In the op-ed “Guess Who Came to Dinner; Guess Who Didn’t Even Get Asked?” Leo Hindery, Chairman of the Smart Globalization Initiative at the New America Foundation, points to the president’s dinner in Silicon Valley last month with eight of his new “BFFs” – each the CEO of an internet-related company including Facebook’s Mark Zuckerberg, Apple’s Steve Jobs and Google’s Eric Schmidt.

“The purpose of the dinner was to ‘discuss his competitiveness agenda and find new ways the government and private sector can work together to lift the shaky economy,’” wrote Hindery. “But let’s look at the ‘employment credentials’ of some of those attendees. For every one of the 25,000 American workers now employed by Apple mostly in marketing, administration and R&D, there are 10 Foxconn workers in China physically manufacturing the iPads and iPhones which Apples sells everyday — 250,000 in total.”

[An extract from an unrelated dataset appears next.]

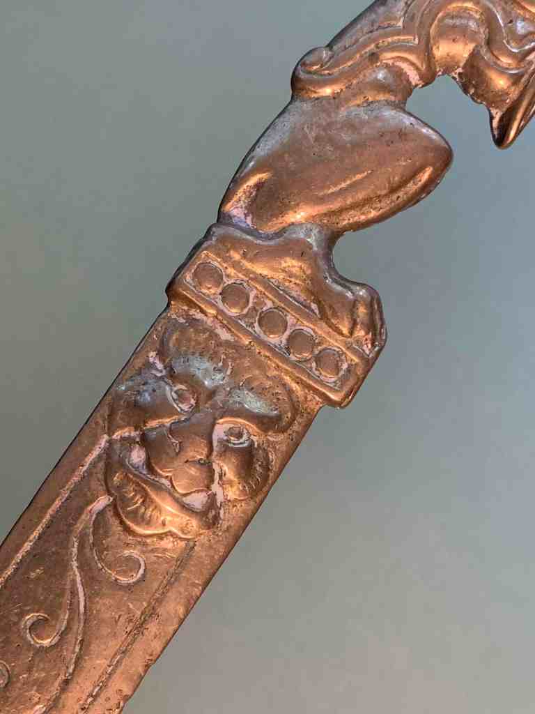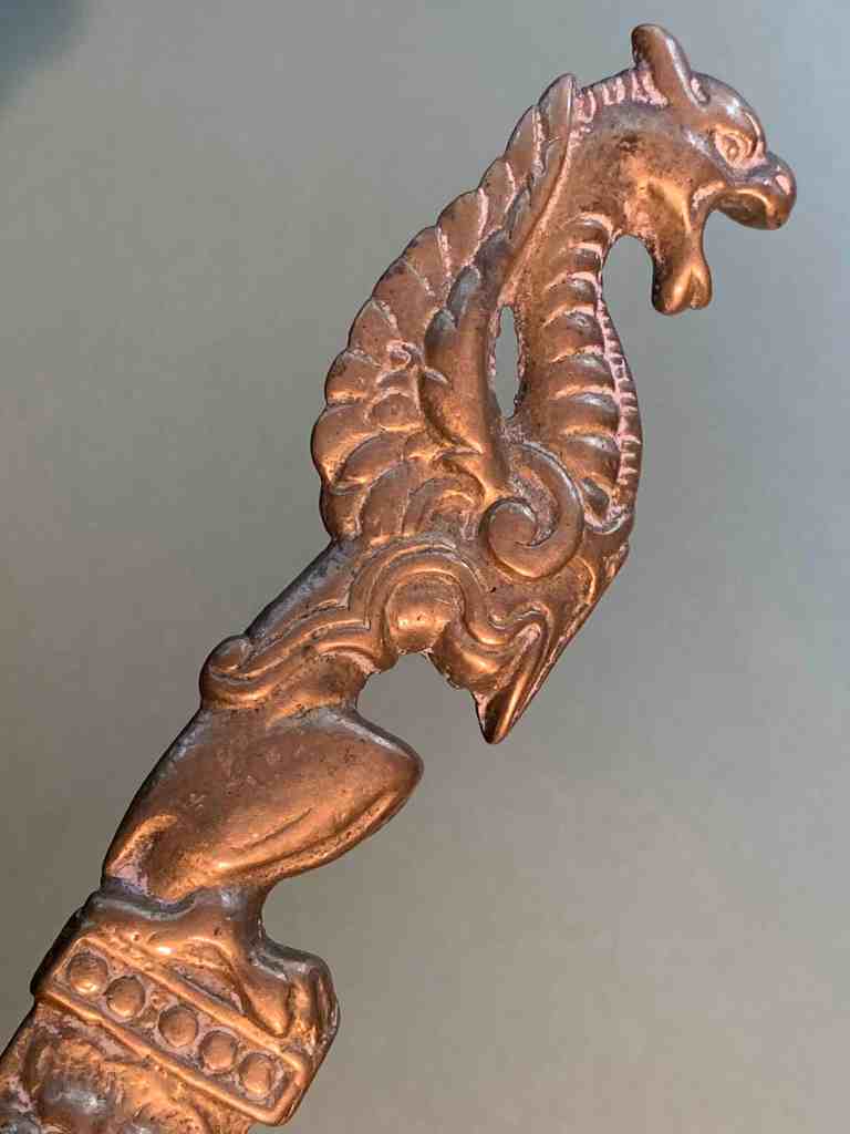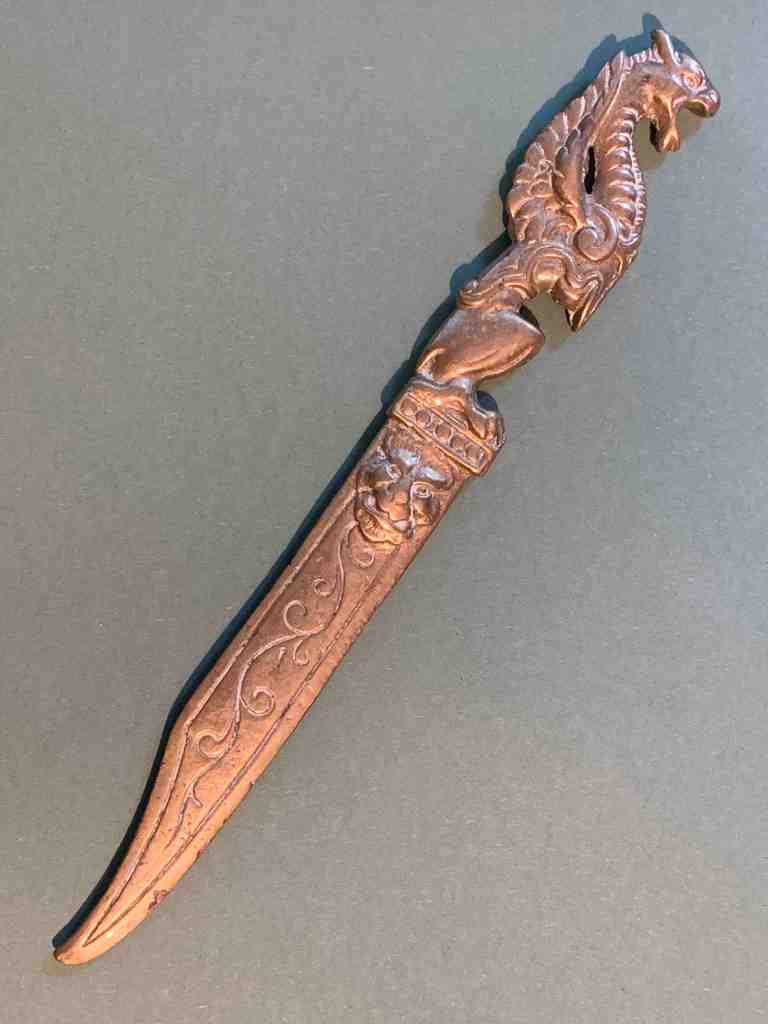 Каталог выставки избранных экземпляров из его коллекции (Letter Openers. Works of Art on the Desk, 2011) описывает этот открыватель писем так: «Германия (?), около 1880 г., тяжёлая кованая бронза, крылатый лев на рукоятке, львиные головы на обеих сторонах соединения рукоятки и лезвия, рисунок цветов на лезвии» (стр. 91).

“The president and Ms. Valerie Jarrett keep talking about jobs and competitiveness as if these tech companies are the end-all and be-all to economic recovery,” he writes. “Again and again, he seeks counsel among the Silicon Valley crowd, while staying away both from the non-virtual manufacturing facilities found in all fifty states and, it seems, from talking with the nearly 30 million real unemployed workers for whom we’re trying to find those new jobs.

“As long as Mr. Obama focuses on CEOs in Silicon Valley to the neglect of rebuilding manufacturing in America,” writes Hindery, “we won’t see anything near the official, let alone the real, unemployment rate that his economic team predicted in early 2009 and continues to promise.”